Sécurité alimentaire mondiale
La sécurité alimentaire otage de la production d’engrais

La flambée des prix des fertilisants vulnérabilise la production agricole. L’industrie des engrais est en partie pilotée par la Biélorussie et la Russie, des pays sur les bancs de la scène internationale.

La sécurité alimentaire otage de la production d’engrais

Pendant deux années de suite, la consommation mondiale de fertilisants des sols a diminué de près de 8 % selon l’International Fertilzer Association (IFA) qui participait au Paris Grain Day fin janvier à Paris. Or les quantités d’engrais, qui n’ont pas été épandues l’an passé, auraient pu permettre de produire 216 trillions de calories, soit l’équivalent de 2,5 % de la production mondiale de blé, de riz, de maïs et de soja. Une part significative de la production agricole en Ukraine, en pleine guerre, n’a pas pu être produite car bien moins d’engrais qu’à l’accoutumée a été épandu. A contrario, en Russie et en Australie, la production agricole n’a pas été entravée puisque les deux pays sont producteurs et exportateurs nets d’engrais.
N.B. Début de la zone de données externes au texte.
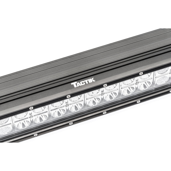 Tactik’s LED light Bars combine the industry-leading power of American made Cree LEDs that exhibit super bright white 6000°K output that’s close to natural sunshine. Tactik kits are an incredible value for the money and include a pre-terminated wiring harness with relay and switch providing a quick and easy installation. Tacktic LED Light Bars are available in 4 widths and feature weather tight Deutsch-style connectors and stainless steel hardware. The durable, powder-coated and include cast aluminum mounting posts that are adjustable. Assemblies have an IP67 waterproof rating and feature combination 8° driving beam and 90° flood beam patterns. The 8° narrow beam LEDs provide light output for driving at higher speeds with longer projection with less peripheral lighting. The 90° flood LEDs provide ideal peripheral lighting for off road trail riding at lower speeds. Lamps are not legal for use on public roadways and are intended only for off-road use.

Dans le même temps, dans le reste du monde, les pays ont sacrifié une partie de leur souveraineté alimentaire en renonçant à la course aux rendements ou tout simplement à une partie de leur production.

Trois pays clefs

La flambée des prix des engrais a en effet contraint leurs agriculteurs à acheter moins de fertilisants. L’an prochain, la consommation mondiale d’engrais devrait se redresser de près de 3,0 % à la faveur d’une baisse des prix des engrais et de l’énergie. Pourtant, moins d’engrais devraient être utilisés qu’en 2020 ! Et la relance de la demande n’est pas à ce jour acquise, même si la baisse de prix des fertilisants et de l’énergie devait se poursuivre. Les céréaliers parviendraient à couvrir leurs charges si les prix des grains restaient à leur niveau de l’été dernier.
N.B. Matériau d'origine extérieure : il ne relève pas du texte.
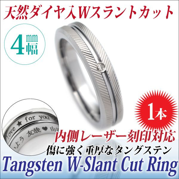 送料無料 刻印無料 ダイヤモンド タングステン ダブルスラントカット カット リング 指輪 単品
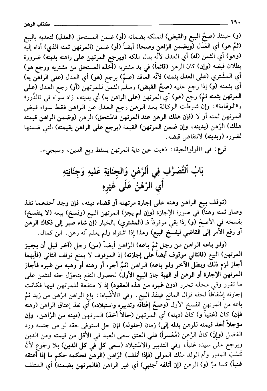 باب التصرف في الرهن والجناية عليه وجنايته أي الرهن على غيره (توقف بيع الراهن وهنه على إجارة مرتهنه أو قضاء دينه، فإن وجد أحدهما نفذ
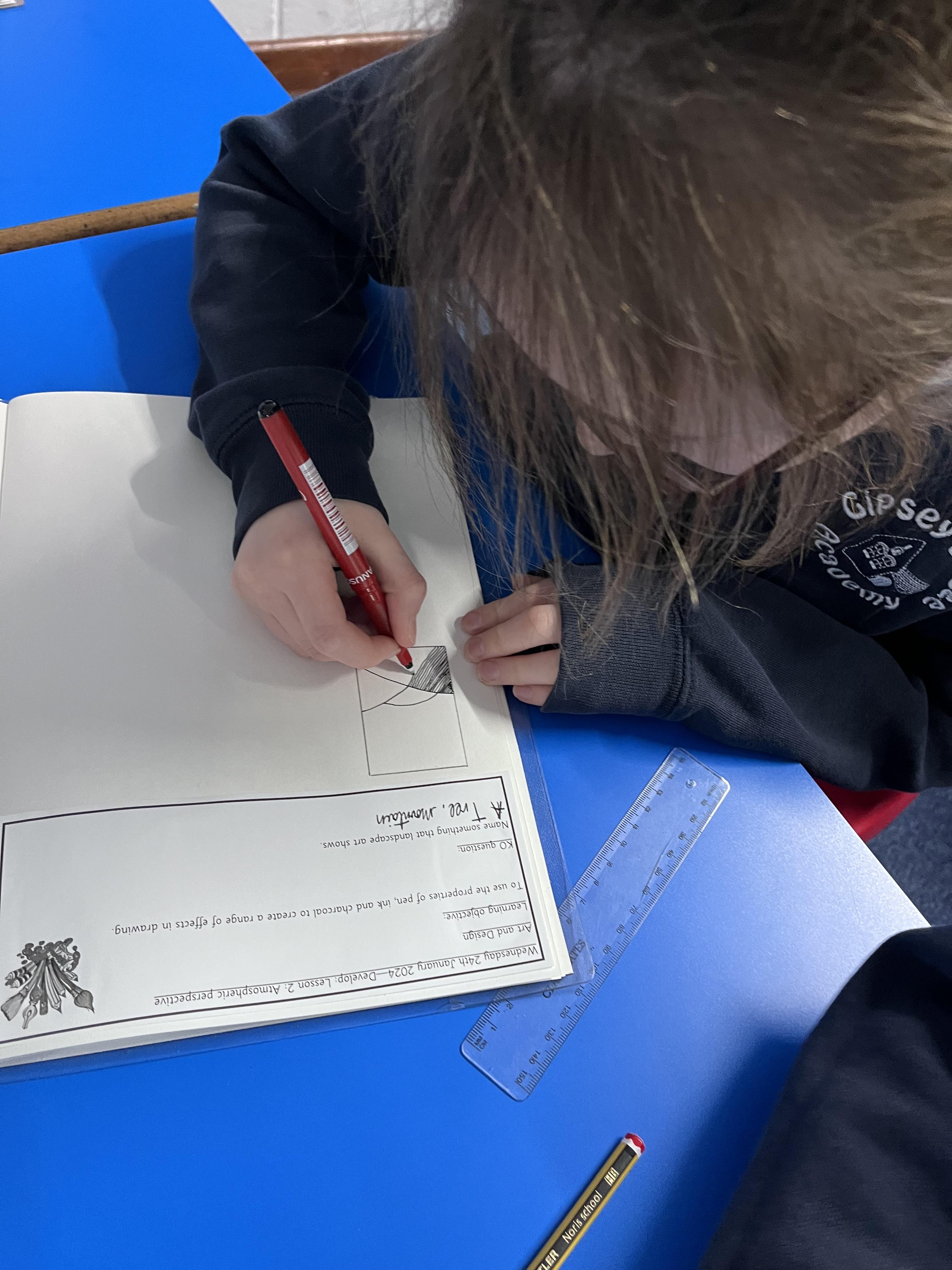 We explored Atmospheric Landscapes in Art this week, using different medias to create landscape images using the foreground, middle ground and background. We used pencils, watercolours and fine line pens to create illusions of space.

Mais depuis quelque mois, l’effet ciseaux menace la rentabilité de leur exploitation : les prix des céréales baissent plus vite que les prix de leurs intrants. Sur les trois marchés des fertilisants N (azote), P (phosphore) et K (potassium) la reprise de la consommation dépendra de facteurs propres à chacun d’eux bien que leur fonctionnement soit intriqué avec un nombre d’acteurs très réduit. Trois pays (Biélorussie, Russie et Chine) orchestreront très certainement à eux seuls une grande partie de l’approvisionnement des marchés des engrais tant que les pays occidentaux importateurs ne parviendront pas à être moins dépendants. Sur le marché de la potasse par exemple, 40 % de la production mondiale est russe et bélarusse. Et la Lituanie sanctionne économiquement la Biélorussie en bloquant l’expédition de sa production vers les pays tiers. Le Canada pourrait prendre à moyen terme le relais et s’imposer sur ce marché de la potasse, mais il faut cinq ans pour construire une nouvelle filière.
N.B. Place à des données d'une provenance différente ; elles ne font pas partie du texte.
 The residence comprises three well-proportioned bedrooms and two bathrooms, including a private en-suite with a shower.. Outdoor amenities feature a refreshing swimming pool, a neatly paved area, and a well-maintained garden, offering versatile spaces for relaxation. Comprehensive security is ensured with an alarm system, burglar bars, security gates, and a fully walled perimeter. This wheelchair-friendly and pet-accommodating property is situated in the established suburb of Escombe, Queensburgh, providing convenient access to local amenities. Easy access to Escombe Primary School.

Le Graal : l’engrais décarboné

Sur le marché du phosphate, la Chine a les moyens d’orienter le marché en contrôlant les quantités de fertilisants qu’elle est prête à expédier. Quant aux produits ammoniaqués, les coûts de production des intrants sont dépendants à plus de 80 % des prix du gaz ou du charbon. Seul un changement de paradigme technologique pourrait chambouler l’organisation des marchés des fertilisants. Au Texas, Gulf Coast Ammoniac, le complexe industriel, dont la construction s’achèvera au cours de l’année, produira environ 1,3 million de tonnes d’ammoniac par an. Son entrée en production pourrait rééquilibrer l’offre mondiale de fertilisants azotés.

Le graal serait la production d’engrais zéro carbone en utilisant de l’hydrogène obtenu à partir d’énergie renouvelable. Si la technologie est bien maîtrisée, elle n’est pas encore compétitive. En attendant, différentes pratiques culturales permettent de réduire la consommation d’engrais (cultures de légumineuses, conversion au bio, etc.), n’a pas manqué de souligner l’Association générale des producteurs de blé (AGPB). Le Green deal vise à rendre l’agriculture européenne neutre en carbone fossile, mais il compromettrait la sécurité alimentaire de la planète.